Dell postponed a vote Thursday on a $24.4 billion go-private buyout plan amid opposition by major shareholders, creating new uncertainty for the former number one computer maker.
A Dell statement said the shareholder meeting on the plan, which opened briefly in Texas, was delayed until July 24.
"Today's special meeting of stockholders was convened and adjourned to provide additional time to solicit proxies from Dell stockholders," the statement said. "No vote was taken on the proposed transaction prior to the adjournment."
The plan announced in February aimed to give company founder Michael Dell a chance to revive the fortunes of the Texas-based tech firm without the pressures of a publicly traded company.
But opponents, galvanized by corporate raider Carl Icahn, have claimed the buyout at $13.65 dollars a share undervalues the company.
"The reason it was postponed was they didn't have the votes," said technology analyst Rob Enderle.
"That may motivate them to sweeten the deal, but it doesn't give people a lot of time to look at a new proposal."
Enderle said the opposition shareholders are taking a risk, because "if the deal fails, the stock will come down sharply, to around $8."
N. Venkatraman, professor of marketing at Boston University, said that "right now it's a high-stakes game of poker," and that the value to Dell could erode without the go-private plan.
"I think the most likely outcome is that both sides come up with a new price," he said, but added that "it is clearly dangerous" for investors to hold back, "because it's not clear if these investors have an alternate plan to run the company without Michael Dell."
Jack Gold, analyst at J. Gold Associates, said he believes "there is still more convincing that needs to be done."
"I think Dell needs to go private," Gold said.
"If I'm a shareholder I'm trying to maximize my value, but if the other side walks away, who is in the wings to rescue the company?
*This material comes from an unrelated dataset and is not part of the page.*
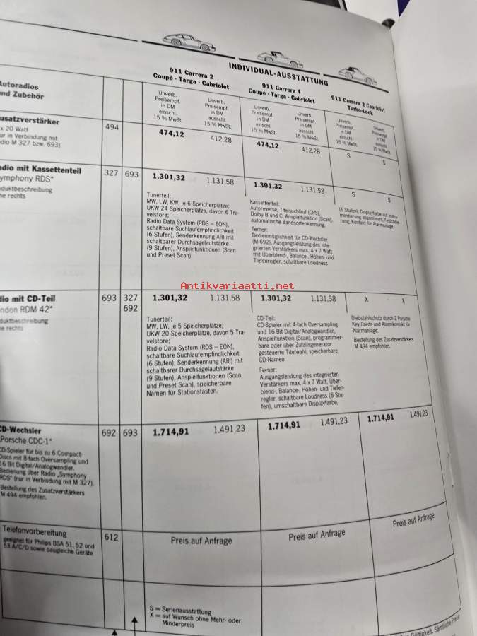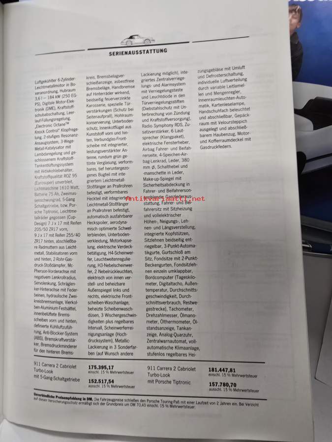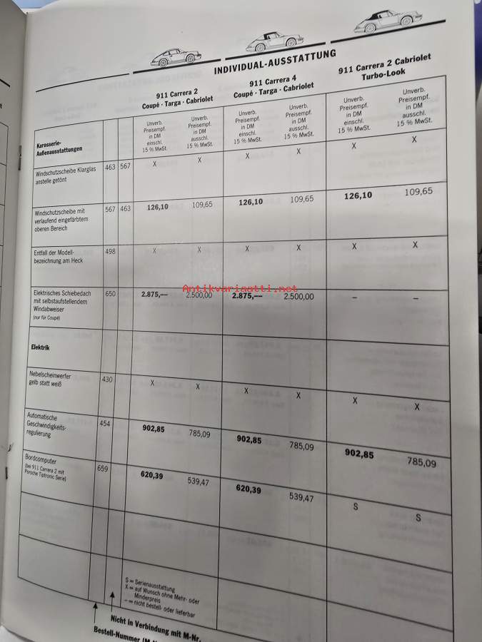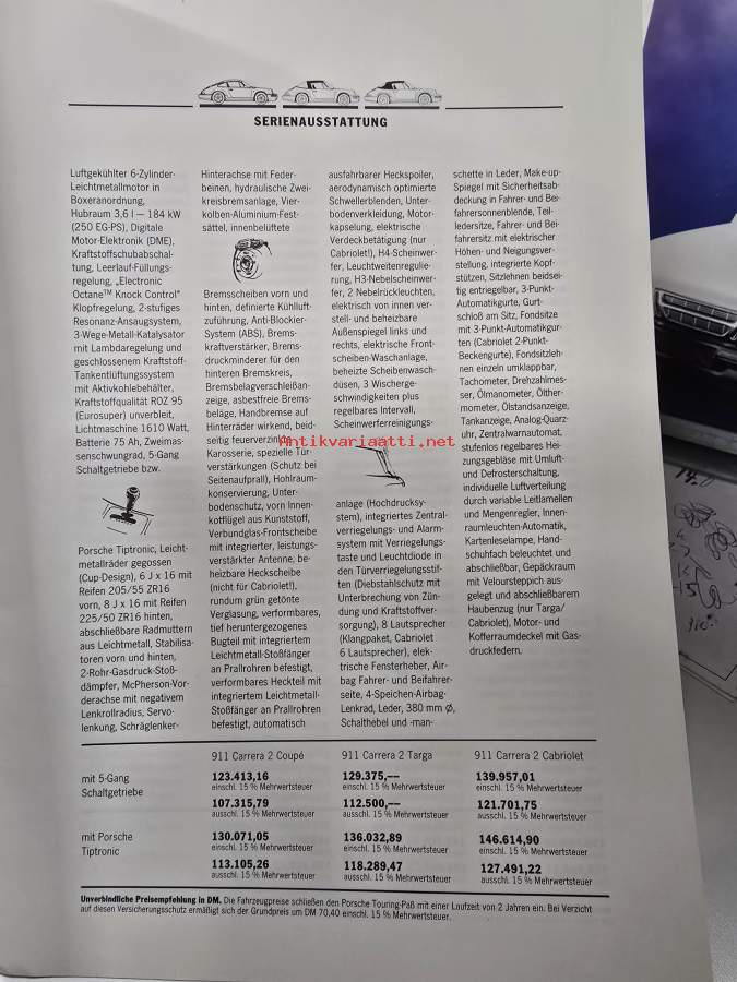 Porsche 911 vm. 1999 -myyntiesite (koko 15,5 x 21 cm, kovat kannet, 113-sivuinen kirja, painettu syyskuussa 1998), saksankielinen

I don't see how Dell shares can rise if this deal falls apart."
The Wall Street Journal reported Wednesday that holders of at least 30 percent of Dell were set to vote against the buyout. The plan required a majority of the shares excluding an estimated 16 percent held by Michael Dell and his affiliates.
Icahn proposed an alternate plan that would pay $14 per share for up to 71 percent of Dell stock, and recently sweetened the deal by adding one warrant for every four Dell shares, entitling the holder to one share of Dell at $20.
But Dell's board and others contend Icahn lacks financing for such a plan and that it would do little to help foster a turnaround.
Enderle said Icahn's offer was "a smoke-and-mirrors thing" and that investors would be mindful of his meddling in Yahoo! several years ago.
"The last time we saw him muck around with tech it didn't end well," Enderle said.
Icahn is backed by the investment firm Southeastern Asset Management. Another financial firm, T. Rowe Price, has also indicated it would oppose the buyout.
Pzena Investment Management, which owns some 6.7 million shares, said in a statement it was prepared to vote against the buyout.
In a statement after the postponement, Icahn and Southeastern called on the Dell board and special committee "to act in the best interest of stockholders and move Dell forward," without elaborating.
Earlier this week, the two investors said they believe the go-private plan "substantially undervalues Dell and that stockholders should be entitled to choose to retain the upside potential of their Dell shares."
Dell's board contends the company needs to make radical changes to keep up with a shift to mobile computing.
Dell shares rose 1.86 percent to close Thursday at $13.12.